I'm working with a dataset where each sample contains both numeric and text data. Therefore multiple methods are employed to build the training feature matrix from the dataset. For each sample in the dataset, I construct a vector representation from 3 parts.
Doc2Vec vector representation for paragraph text: I use the gensim
implemetation of paragraph vector to encode the text into a 100-D vetors of floats between [-5, 5]
One-hot encoded vector for text label: Each sample in the dataset has zero or more text label, I aggregate out all of the unique labels used in the dataset and encode it into a binary array containing only 0 and 1. For example, if the complete set of labels is [Python, Java, JavaScript, C++]
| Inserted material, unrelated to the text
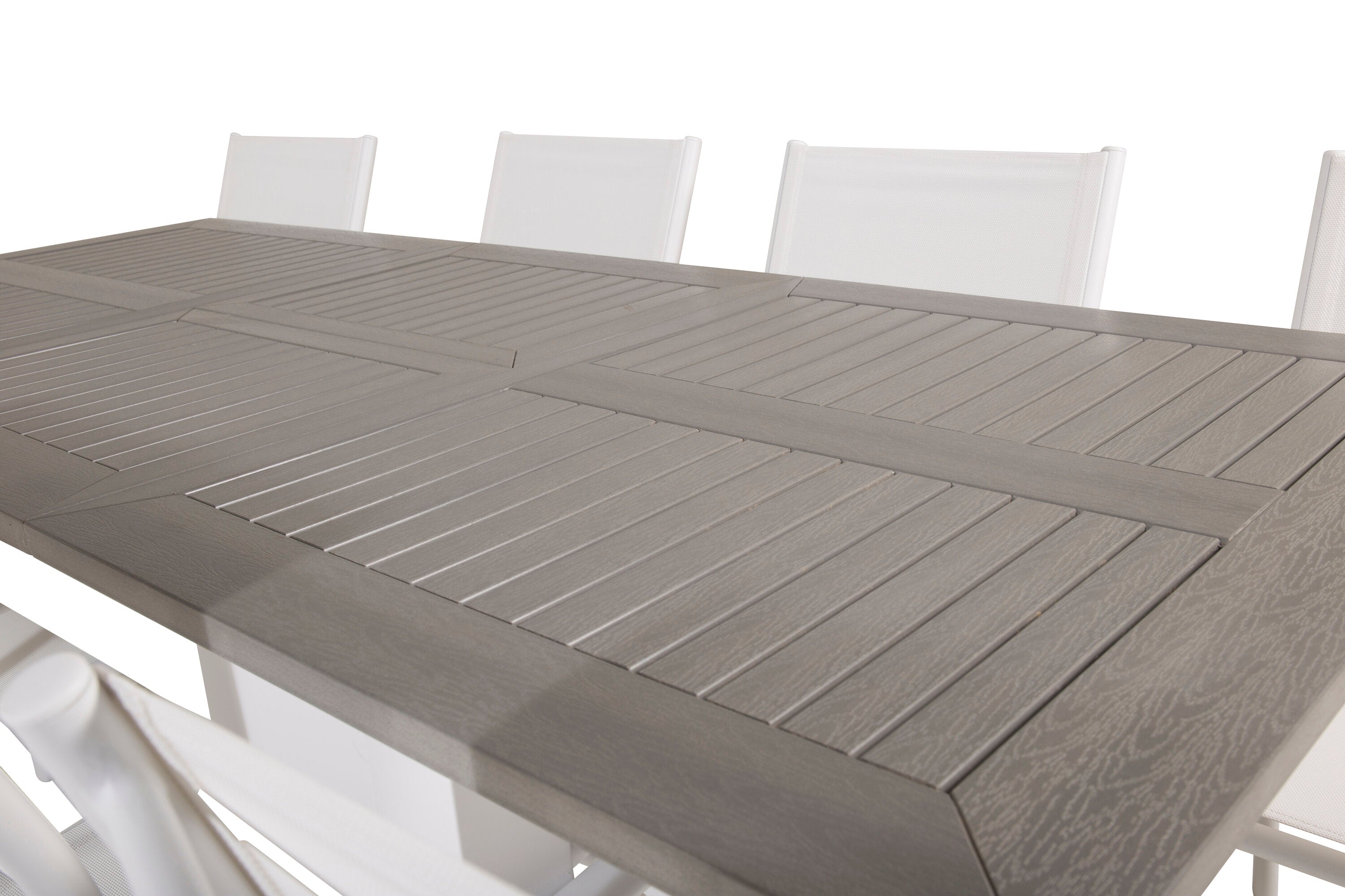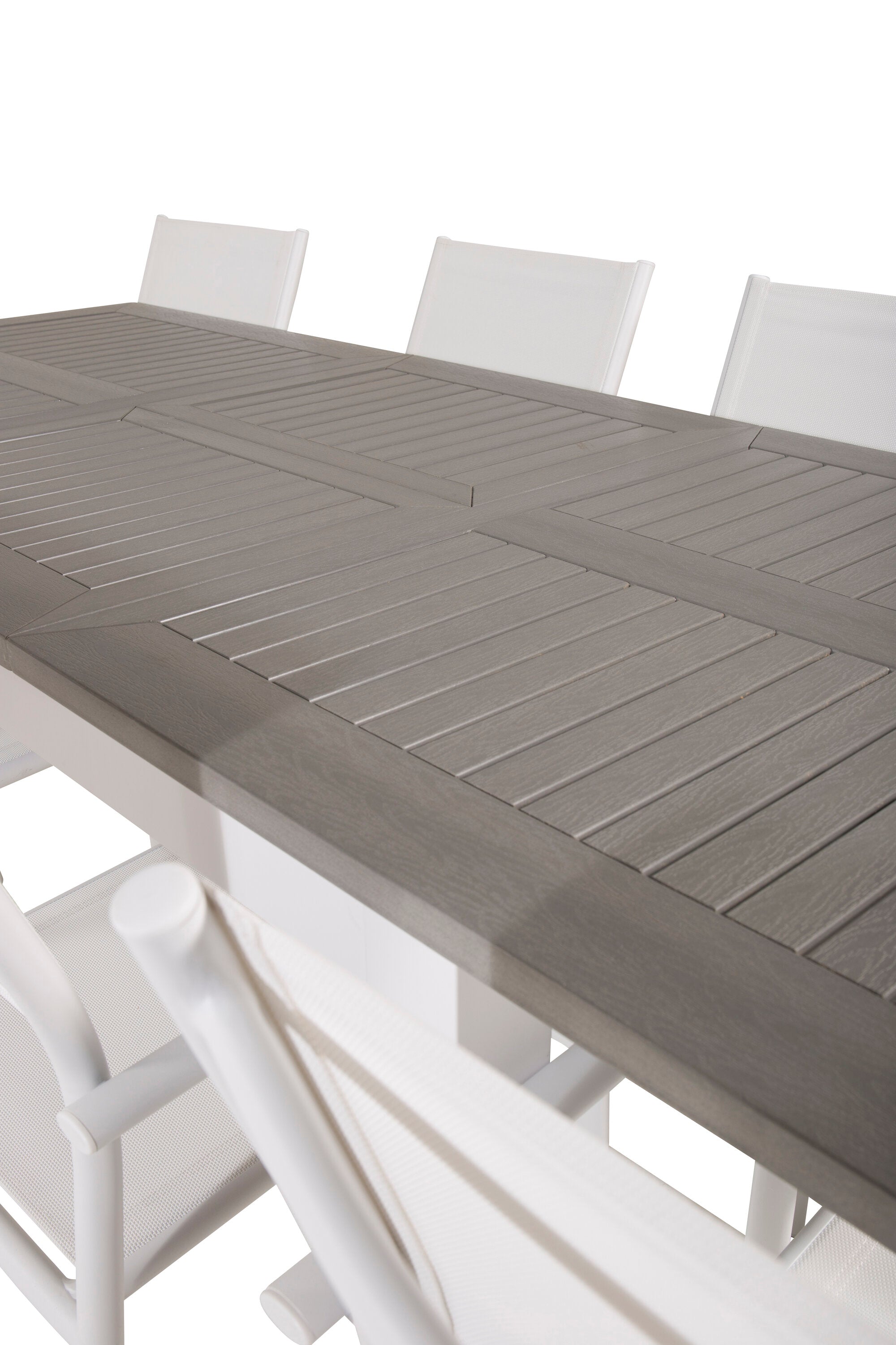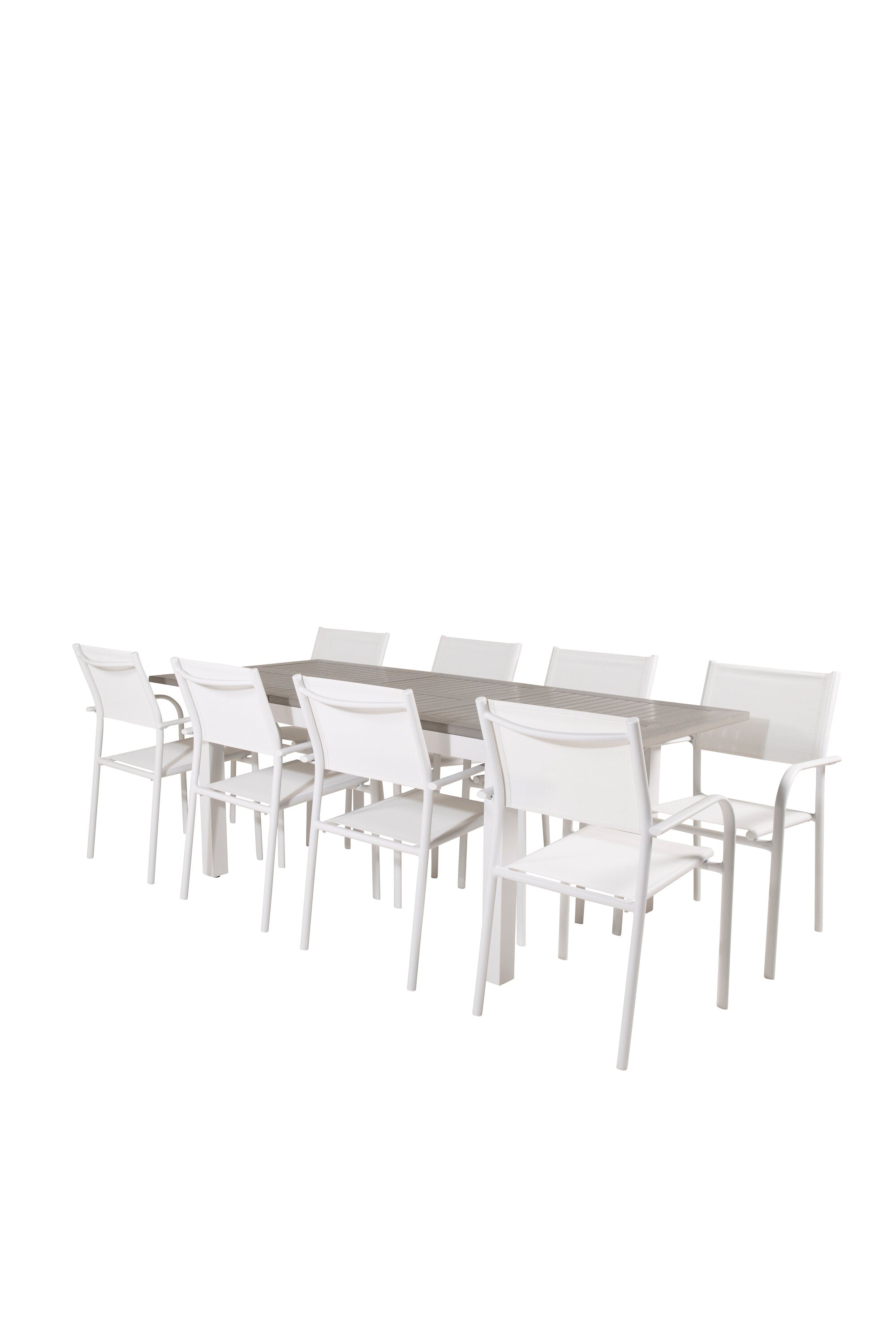 Jídelní stůl Albany 160/240*100 - Bílá Alu / Šedá Aintwood + křeslo Santorini

and a sample contains labels Python
and Java
, the resulted vector will be [1, 1, 0, 0]
.
Numeric data & categorical data:
The resulted feature matrix looks something like below
[
[-1.02, 1.33, 2.35, -0.48, ... -4.11, 1, 0, 1, 1, 0, 0, ..., 1, 0, 235, 11.5, 333],
[-0.22, 3.03, 1.95, -0.48, ... -4.11, 0, 1, 1, 1, 0, 0, ..., 0, 0, 233, 22, 333],
[-2.07, -1.33, -2.35, -0.48, ... -4.11, 1, 1, 0, 1, 1, 0, ..., 1, 1, 102, 13, 333],
[-4.32, 4.33, 1.75, -0.48, ... -4.11, 0, 0, 0, 1, 0, 1, ..., 1, 0, 98, 8, 333],
]
Should I apply any standardization or normalization on the dataset? If so, should I do it before or after concatenating different parts of feature?
I'm using scikit-learn and the major algorithm I using will be Gradient Boosting.
Yes, you need to process features separately: you should apply standardization or normalization only on the original numerical features, you shouldn't do it for doc2vec, OHE or encoded categorical features.